Metric	Description	Alert Threshold
`notifications_sent_total`	Total notifications sent	-
`notifications_failed_total`	Failed notifications	> 1% of sent
`delivery_latency_seconds`	Time from request to delivery	P99 > 10s
`queue_depth`	Messages in queue	> 100K
`provider_errors`	Errors from FCM/APNS/etc.	> 5%
`rate_limit_rejections`	Notifications rejected by rate limit	-

Dashboard¶

import prometheus_client as prom

# Metrics
notifications_counter = prom.Counter(
    'notifications_total',
    'Total notifications',
    ['channel', 'status', 'category']
)

delivery_latency = prom.Histogram(
    'notification_delivery_latency_seconds',
    'Time to deliver notification',
    ['channel'],
    buckets=[0.1, 0.5, 1, 2, 5, 10, 30]
)

queue_depth = prom.Gauge(
    'notification_queue_depth',
    'Messages in queue',
    ['channel']
)

# Usage
async def send_notification(channel, notification):
    start = time.time()
    result = await sender.send(notification)

    notifications_counter.labels(
        channel=channel,
        status='success' if result['success'] else 'failed',
        category=notification['category']
    ).inc()

    delivery_latency.labels(channel=channel).observe(time.time() - start)

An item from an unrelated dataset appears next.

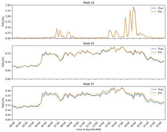 Assuming that a high penetration of distributed generation and electric vehicle charging in low- (LV) or medium-voltage (MV) grids influences PQ significantly, research and simulations have been conducted to quantify this impact. The authors in [6] prove a strong contribution of large photovoltaic (PV) systems to harmonic distortion in Columbian distribution grids. Other sources discuss how smaller systems affect PQ. Using a simulation model, ref. [7] shows that PV systems connected to LV grids may cause considerable transient effects, voltage sags, and harmonics. Reference [8] analyzes the influence of electric vehicle charging in LV grids on technical equipment such as transformers. The authors propose to limit the current total harmonic distortion (THD) to 25–30% to preserve a reasonable life expectancy, as harmonic currents cause premature aging of components. Yet, another work observes current THD of up to for the powerful, commercially available electric vehicle supply equipment (EVSE) of older generations [9]. Considering these influences on grid operation, distribution grid operators have an incentive to assess the level of harmonics and to identify the origins of PQ disturbances in LV and MV grids. Especially for live monitoring systems or WAMSs, this paper presents a high-performance estimation method suitable for application in near-real-time environments. Typically, this term is defined based on the specific application and refers to the system’s processing time from the initiation of an event to the completion of transmission and evaluation [10]. In harmonic analysis, the shortest evaluation interval commonly used determines the performance requirements for SE. For example, the IEEE519 standard requires evaluation of voltage harmonics with an average interval of 3 s [11].

Security, Compliance, and Data Privacy¶

Concern	Design decision	Implementation
CAN-SPAM compliance	Every marketing email must include an unsubscribe link; honor opt-out within 10 business days	Template system auto-appends unsubscribe link; opt-out webhook triggers immediate preference update
GDPR right to erasure	Users can request deletion of all notification history	Async deletion job purges from Cassandra + ClickHouse; confirm deletion within 30 days
SMS consent	Only send SMS to users who explicitly opted in with verified phone	`phone_verified` flag in preferences; SMS worker checks before sending
Push token rotation	Handle token expiry and device changes	Remove invalid tokens on `410 Gone` (APNS) or `NotRegistered` (FCM); periodic token refresh job
Secrets management	Provider API keys, APNS certificates, signing keys	Vault/AWS Secrets Manager; rotate on schedule; never in code or config files
Rate limiting	Prevent abuse from internal callers and protect providers	Per-caller API rate limits (token bucket); per-provider connection pool limits
Audit logging	Track who sent what notification and when	Immutable audit log in append-only store; retained for compliance period
Content sanitization	Prevent XSS in email HTML and injection in SMS	Template engine escapes variables; CSP headers on tracking endpoints

Interview Checklist¶

Sample Interview Dialogue¶

Interviewer: "Design a notification system."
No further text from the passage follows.